* Task instructions
Copy out the listing that follows, exact in every word, and skip the images.

* Data supplied
···

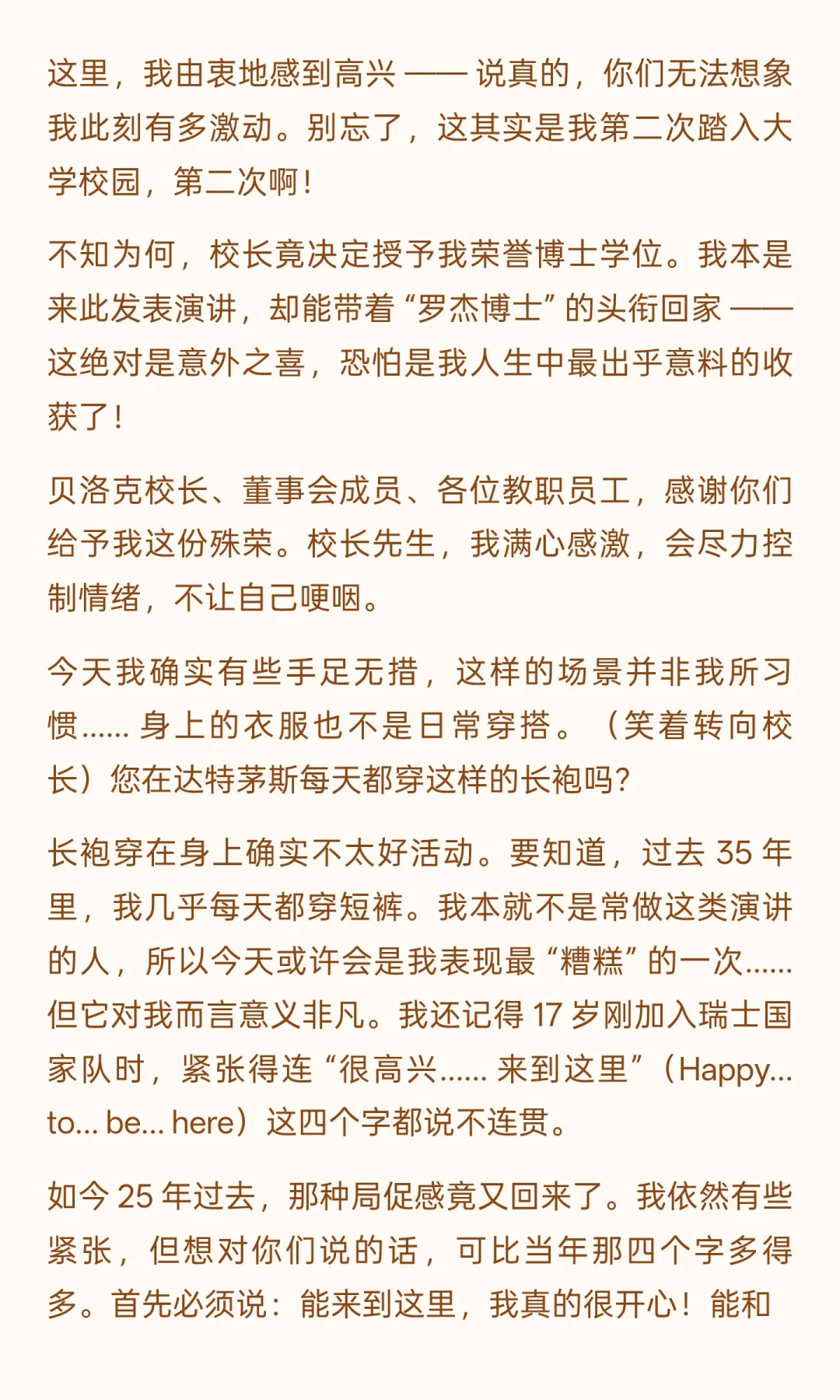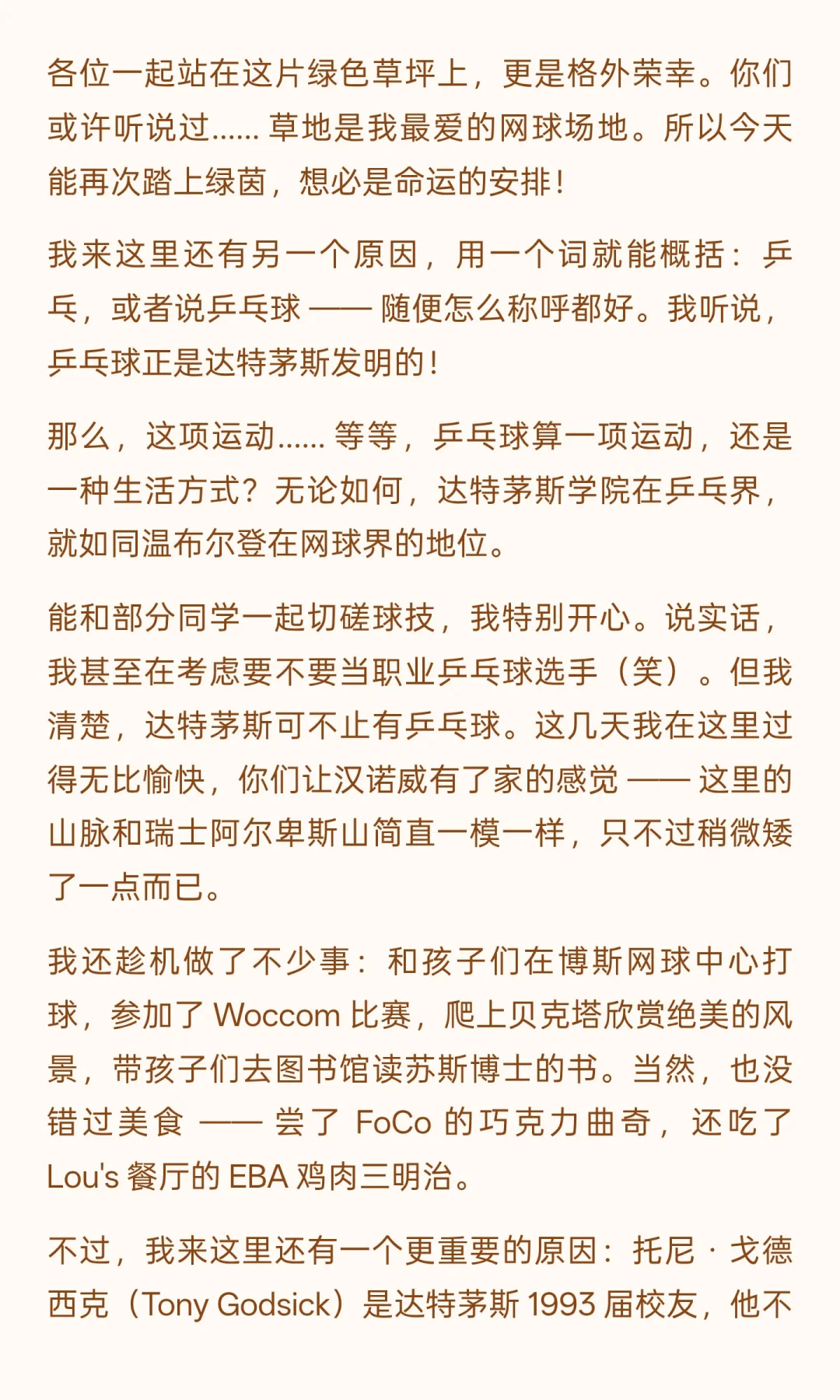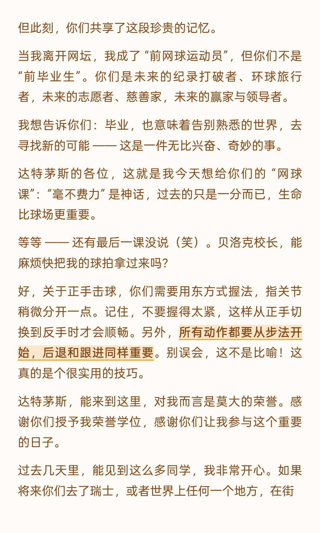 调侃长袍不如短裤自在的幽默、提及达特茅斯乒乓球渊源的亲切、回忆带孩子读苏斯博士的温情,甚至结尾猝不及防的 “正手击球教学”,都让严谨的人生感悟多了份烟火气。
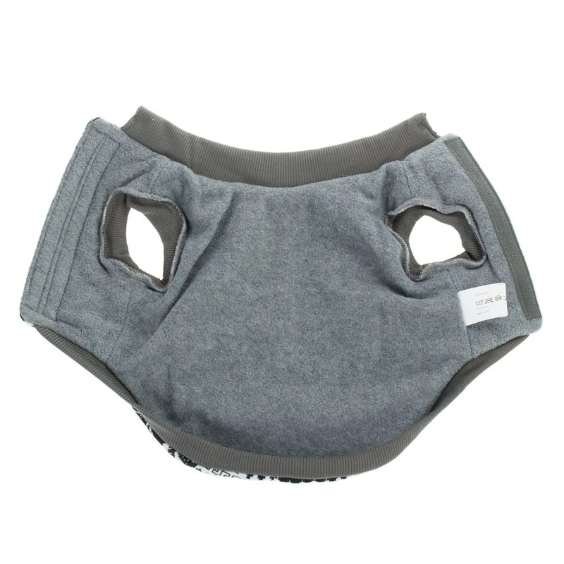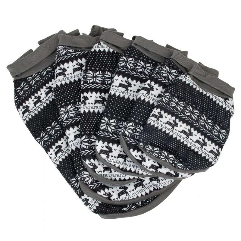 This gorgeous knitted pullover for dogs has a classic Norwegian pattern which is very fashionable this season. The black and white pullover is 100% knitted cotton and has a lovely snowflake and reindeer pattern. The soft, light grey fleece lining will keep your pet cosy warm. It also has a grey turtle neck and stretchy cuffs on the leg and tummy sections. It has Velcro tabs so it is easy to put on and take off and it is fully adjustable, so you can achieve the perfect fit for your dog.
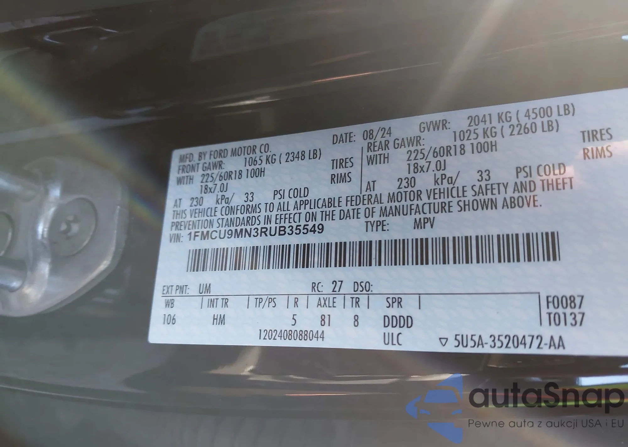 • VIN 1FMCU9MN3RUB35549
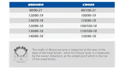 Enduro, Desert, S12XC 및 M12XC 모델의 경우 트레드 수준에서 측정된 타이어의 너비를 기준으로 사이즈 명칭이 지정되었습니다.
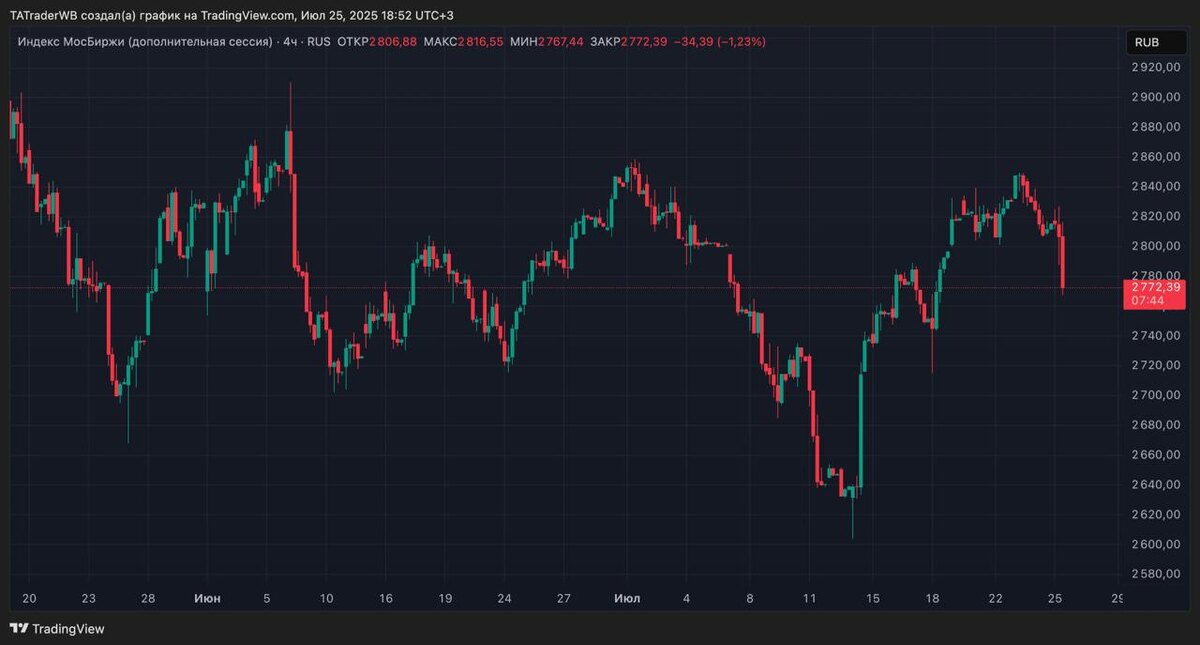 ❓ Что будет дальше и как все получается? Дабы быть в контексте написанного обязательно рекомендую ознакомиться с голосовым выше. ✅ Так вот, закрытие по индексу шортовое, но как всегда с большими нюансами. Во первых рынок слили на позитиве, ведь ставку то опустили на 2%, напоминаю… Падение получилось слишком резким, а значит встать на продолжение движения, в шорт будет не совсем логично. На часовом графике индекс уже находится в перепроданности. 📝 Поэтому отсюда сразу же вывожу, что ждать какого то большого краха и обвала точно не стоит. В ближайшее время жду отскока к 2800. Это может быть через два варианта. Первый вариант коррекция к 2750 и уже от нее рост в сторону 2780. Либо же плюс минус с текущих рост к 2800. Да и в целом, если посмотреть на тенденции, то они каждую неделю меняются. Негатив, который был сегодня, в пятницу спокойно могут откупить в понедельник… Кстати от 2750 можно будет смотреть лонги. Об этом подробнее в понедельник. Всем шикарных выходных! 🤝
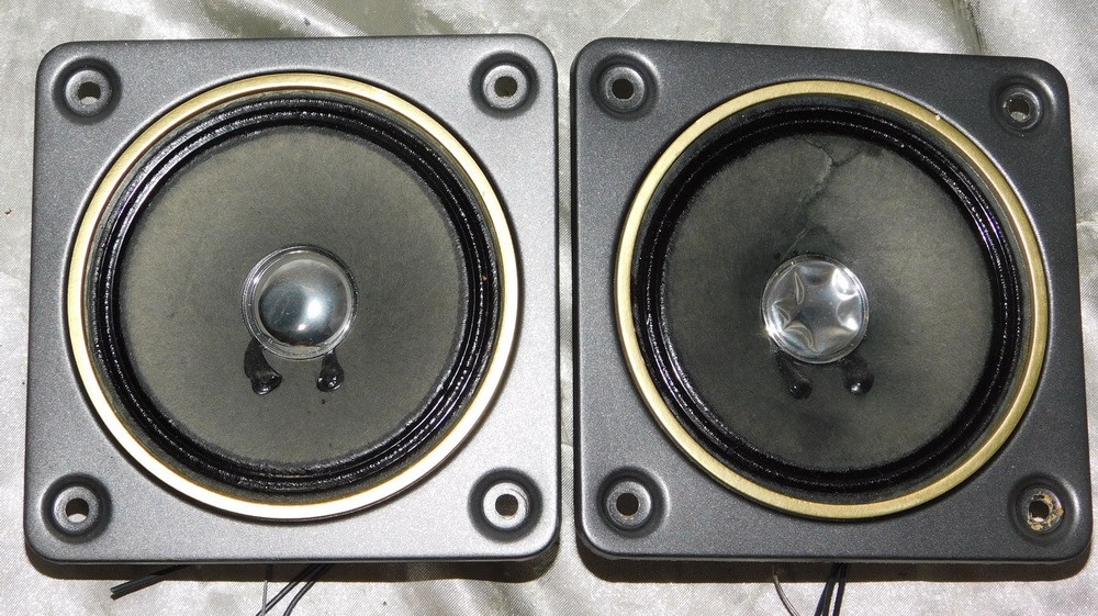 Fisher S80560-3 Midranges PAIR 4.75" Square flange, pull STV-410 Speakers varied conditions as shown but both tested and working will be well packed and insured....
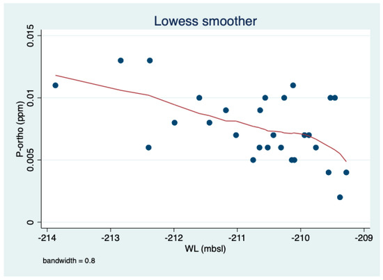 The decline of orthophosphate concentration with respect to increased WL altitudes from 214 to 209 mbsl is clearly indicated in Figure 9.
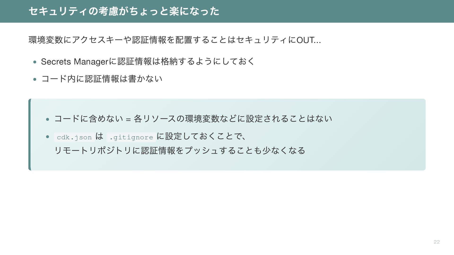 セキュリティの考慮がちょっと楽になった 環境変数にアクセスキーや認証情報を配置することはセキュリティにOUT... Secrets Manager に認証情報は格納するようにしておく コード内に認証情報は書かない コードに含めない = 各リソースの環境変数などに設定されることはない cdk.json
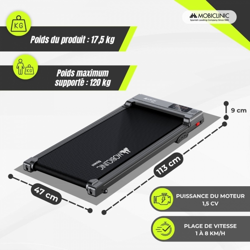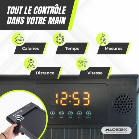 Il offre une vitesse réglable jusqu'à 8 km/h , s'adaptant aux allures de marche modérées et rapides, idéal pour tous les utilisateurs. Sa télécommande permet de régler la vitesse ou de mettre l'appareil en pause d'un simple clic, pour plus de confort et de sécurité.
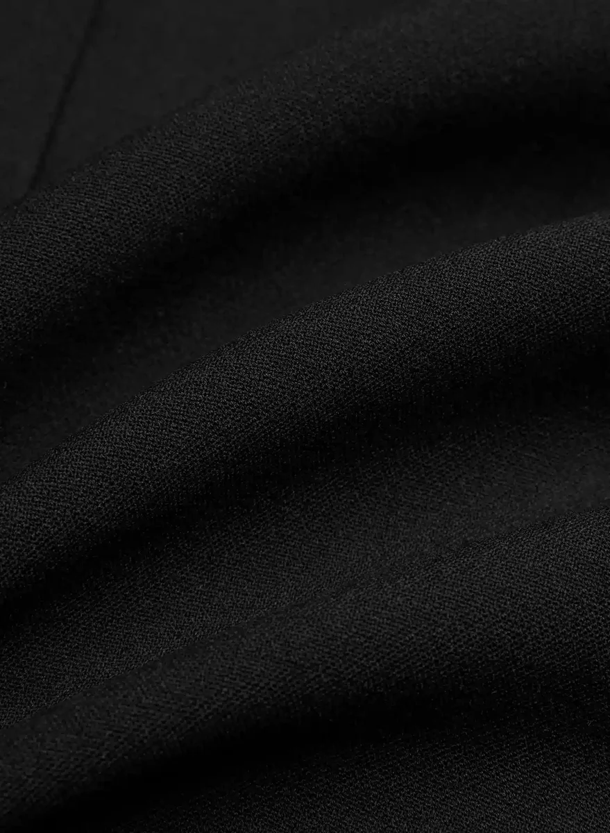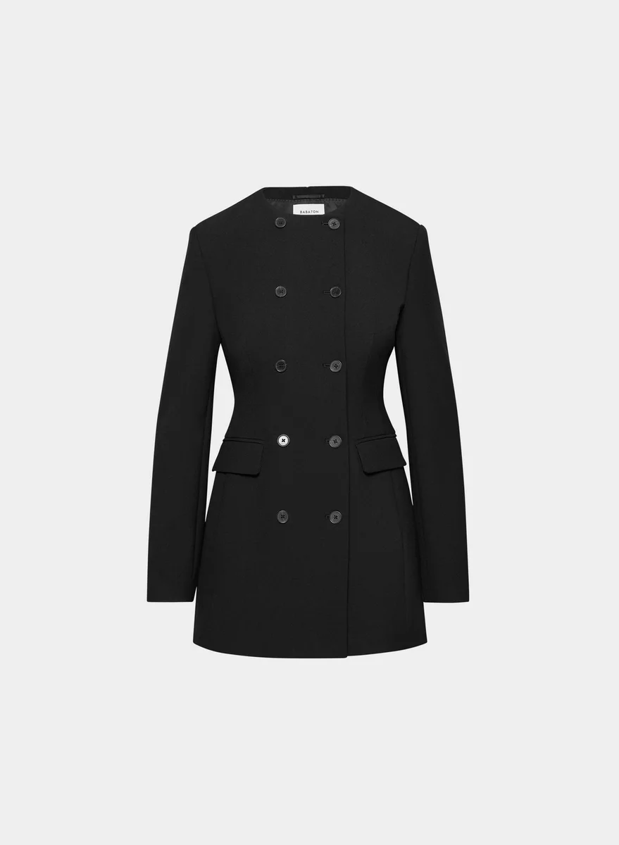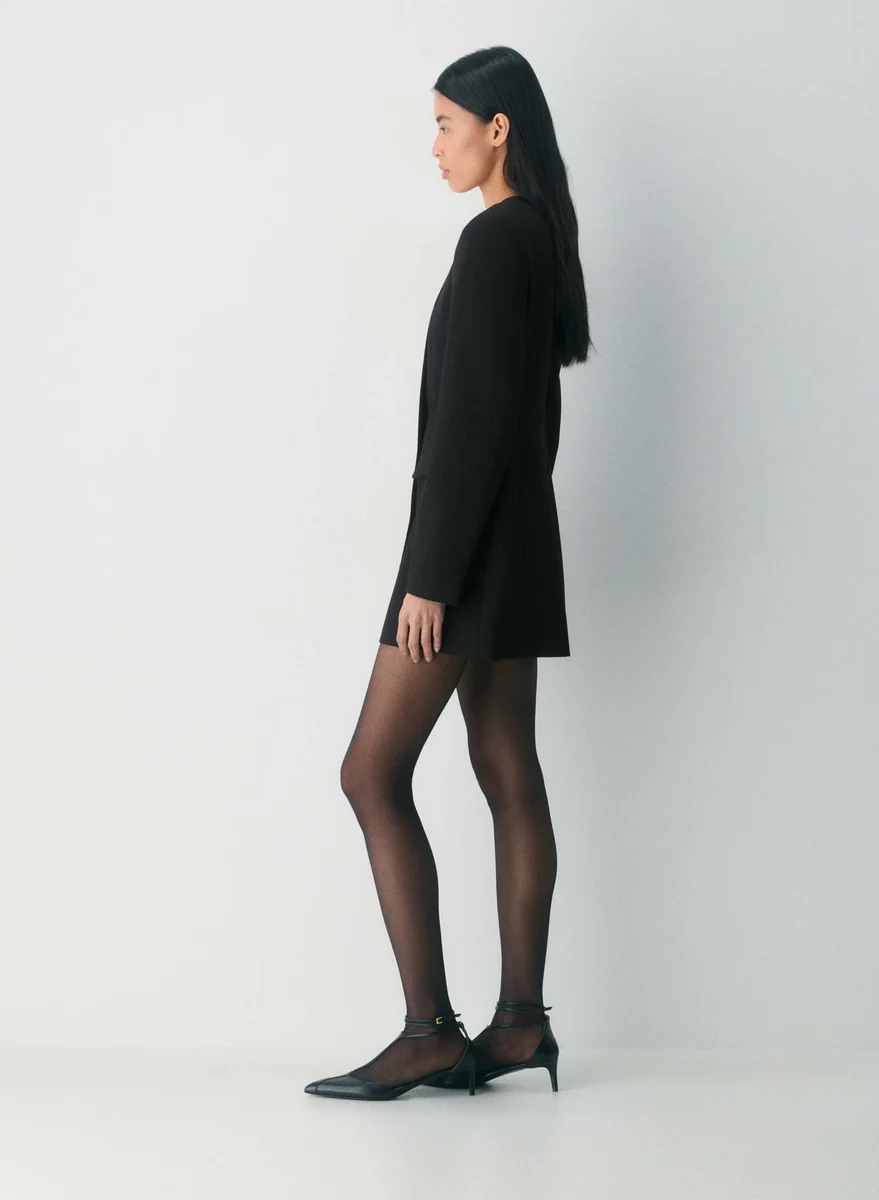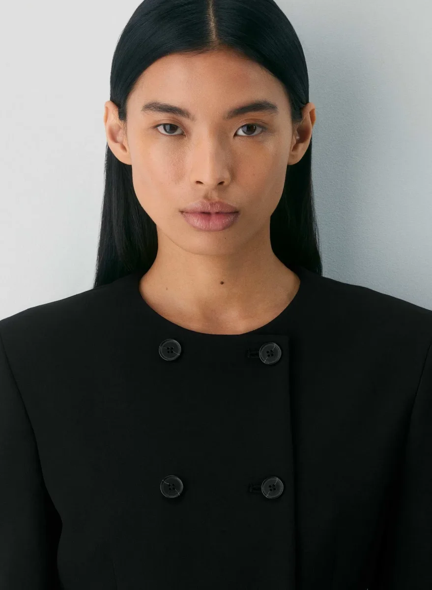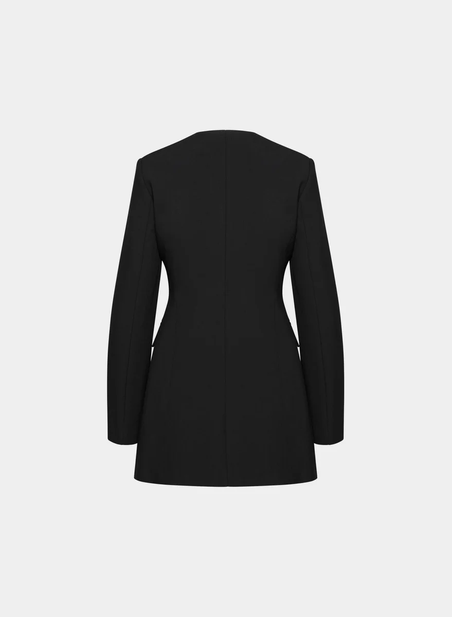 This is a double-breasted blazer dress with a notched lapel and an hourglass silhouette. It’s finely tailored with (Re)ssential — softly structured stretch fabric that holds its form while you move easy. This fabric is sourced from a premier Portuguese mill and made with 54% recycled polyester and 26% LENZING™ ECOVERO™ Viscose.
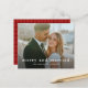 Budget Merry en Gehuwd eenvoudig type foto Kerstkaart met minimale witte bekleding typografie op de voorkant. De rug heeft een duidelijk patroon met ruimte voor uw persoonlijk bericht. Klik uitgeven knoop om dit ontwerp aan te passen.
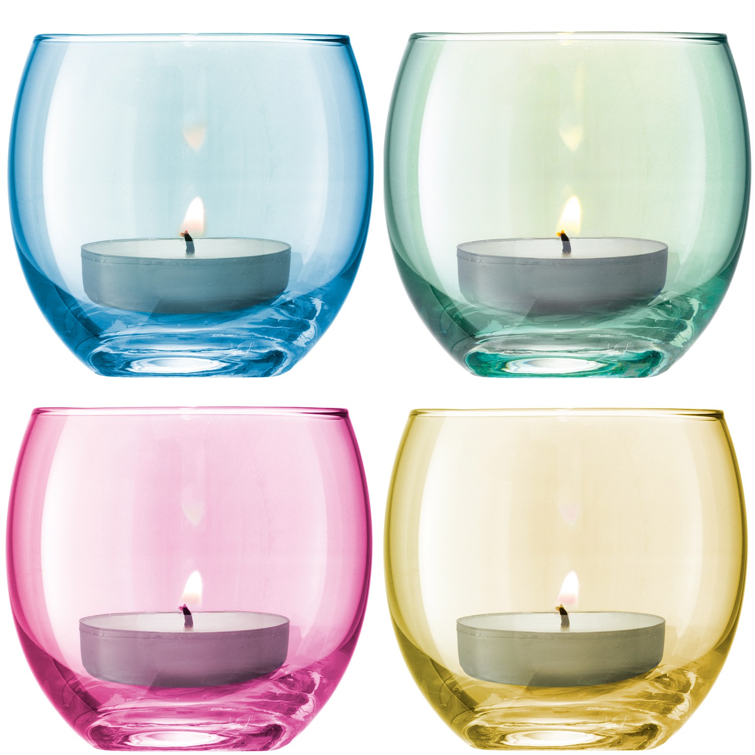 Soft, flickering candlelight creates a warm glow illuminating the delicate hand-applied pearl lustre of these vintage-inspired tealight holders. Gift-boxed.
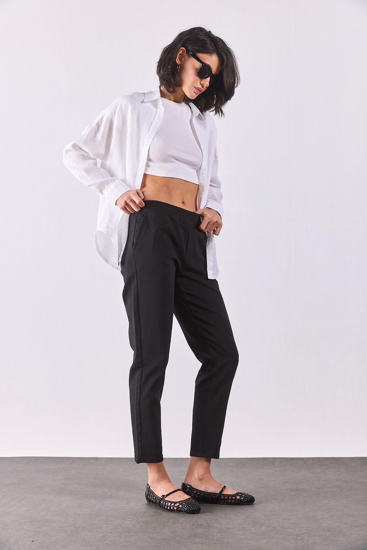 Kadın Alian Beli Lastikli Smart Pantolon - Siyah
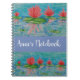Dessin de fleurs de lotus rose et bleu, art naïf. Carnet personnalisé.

···

* Expected output
 调侃长袍不如短裤自在的幽默、提及达特茅斯乒乓球渊源的亲切、回忆带孩子读苏斯博士的温情,甚至结尾猝不及防的 “正手击球教学”,都让严谨的人生感悟多了份烟火气。
 This gorgeous knitted pullover for dogs has a classic Norwegian pattern which is very fashionable this season. The black and white pullover is 100% knitted cotton and has a lovely snowflake and reindeer pattern. The soft, light grey fleece lining will keep your pet cosy warm. It also has a grey turtle neck and stretchy cuffs on the leg and tummy sections. It has Velcro tabs so it is easy to put on and take off and it is fully adjustable, so you can achieve the perfect fit for your dog.
 • VIN 1FMCU9MN3RUB35549
 Enduro, Desert, S12XC 및 M12XC 모델의 경우 트레드 수준에서 측정된 타이어의 너비를 기준으로 사이즈 명칭이 지정되었습니다.
 ❓ Что будет дальше и как все получается? Дабы быть в контексте написанного обязательно рекомендую ознакомиться с голосовым выше. ✅ Так вот, закрытие по индексу шортовое, но как всегда с большими нюансами. Во первых рынок слили на позитиве, ведь ставку то опустили на 2%, напоминаю… Падение получилось слишком резким, а значит встать на продолжение движения, в шорт будет не совсем логично. На часовом графике индекс уже находится в перепроданности. 📝 Поэтому отсюда сразу же вывожу, что ждать какого то большого краха и обвала точно не стоит. В ближайшее время жду отскока к 2800. Это может быть через два варианта. Первый вариант коррекция к 2750 и уже от нее рост в сторону 2780. Либо же плюс минус с текущих рост к 2800. Да и в целом, если посмотреть на тенденции, то они каждую неделю меняются. Негатив, который был сегодня, в пятницу спокойно могут откупить в понедельник… Кстати от 2750 можно будет смотреть лонги. Об этом подробнее в понедельник. Всем шикарных выходных! 🤝
 Fisher S80560-3 Midranges PAIR 4.75" Square flange, pull STV-410 Speakers varied conditions as shown but both tested and working will be well packed and insured....
 The decline of orthophosphate concentration with respect to increased WL altitudes from 214 to 209 mbsl is clearly indicated in Figure 9.
 セキュリティの考慮がちょっと楽になった 環境変数にアクセスキーや認証情報を配置することはセキュリティにOUT... Secrets Manager に認証情報は格納するようにしておく コード内に認証情報は書かない コードに含めない = 各リソースの環境変数などに設定されることはない cdk.json
 Il offre une vitesse réglable jusqu'à 8 km/h , s'adaptant aux allures de marche modérées et rapides, idéal pour tous les utilisateurs. Sa télécommande permet de régler la vitesse ou de mettre l'appareil en pause d'un simple clic, pour plus de confort et de sécurité.
 This is a double-breasted blazer dress with a notched lapel and an hourglass silhouette. It’s finely tailored with (Re)ssential — softly structured stretch fabric that holds its form while you move easy. This fabric is sourced from a premier Portuguese mill and made with 54% recycled polyester and 26% LENZING™ ECOVERO™ Viscose.
 Budget Merry en Gehuwd eenvoudig type foto Kerstkaart met minimale witte bekleding typografie op de voorkant. De rug heeft een duidelijk patroon met ruimte voor uw persoonlijk bericht. Klik uitgeven knoop om dit ontwerp aan te passen.
 Soft, flickering candlelight creates a warm glow illuminating the delicate hand-applied pearl lustre of these vintage-inspired tealight holders. Gift-boxed.
 Kadın Alian Beli Lastikli Smart Pantolon - Siyah
Dessin de fleurs de lotus rose et bleu, art naïf. Carnet personnalisé.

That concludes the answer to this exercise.